According to the Holy Father, "the spread of artistic and historical culture into every sector of society furnishes the people of our time the means for rediscovering their own roots and drawing from them the cultural and spiritual elements that will help them to build a truly human society."
Every person and every society, he said, needs a culture open to the anthropological, moral and spiritual dimension of existence.
Because of this the Pope expressed his wish that "thanks also to the work of your worthy Institute, research into the Christian roots of our society will be advanced and intensified."
In his view, the institute’s experience proves that the study of archaeology, above all of paleo-Christian monuments, makes possible the "deepening of knowledge of the evangelical truth that has been transmitted to us, and offers us the opportunity of following the masters and witnesses of faith that have gone before us."
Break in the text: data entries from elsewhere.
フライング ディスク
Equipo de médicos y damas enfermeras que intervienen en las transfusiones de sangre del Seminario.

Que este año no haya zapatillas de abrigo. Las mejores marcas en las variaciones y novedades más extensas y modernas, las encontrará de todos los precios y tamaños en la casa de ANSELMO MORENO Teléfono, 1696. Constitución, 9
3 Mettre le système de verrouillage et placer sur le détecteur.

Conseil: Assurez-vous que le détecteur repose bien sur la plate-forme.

"Knowing the heredity of past Christian generations permits succeeding generations to be faithful to the ‘depositum fidei’ of the first Christian community and, following the same route, to continue make the unchanging Gospel of Christ resound in every time and every place," he said.
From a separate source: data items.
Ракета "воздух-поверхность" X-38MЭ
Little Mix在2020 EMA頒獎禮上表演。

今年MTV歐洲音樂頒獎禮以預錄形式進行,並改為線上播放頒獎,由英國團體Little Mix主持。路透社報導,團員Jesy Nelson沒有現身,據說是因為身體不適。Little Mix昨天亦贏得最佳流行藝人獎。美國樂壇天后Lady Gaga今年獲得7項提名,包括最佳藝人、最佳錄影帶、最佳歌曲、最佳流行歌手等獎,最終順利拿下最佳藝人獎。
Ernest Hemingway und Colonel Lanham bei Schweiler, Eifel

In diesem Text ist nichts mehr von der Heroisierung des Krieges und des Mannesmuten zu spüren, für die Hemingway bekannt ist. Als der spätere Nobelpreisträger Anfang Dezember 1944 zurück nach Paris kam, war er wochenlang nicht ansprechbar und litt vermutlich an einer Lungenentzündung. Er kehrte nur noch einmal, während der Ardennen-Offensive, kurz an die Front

Benedict XVI called the institute a privileged means for "serving history and art, appreciating the numerous witnesses of western civilization, culture and Catholic spirituality that the ‘Eternal City’ possesses."
"It is a precious patrimony formed over the course of two millennia," he added, "an inestimable treasure of which you are the stewards and from which you must, like the scribe of the Gospel, unceasingly bring out the new and the old."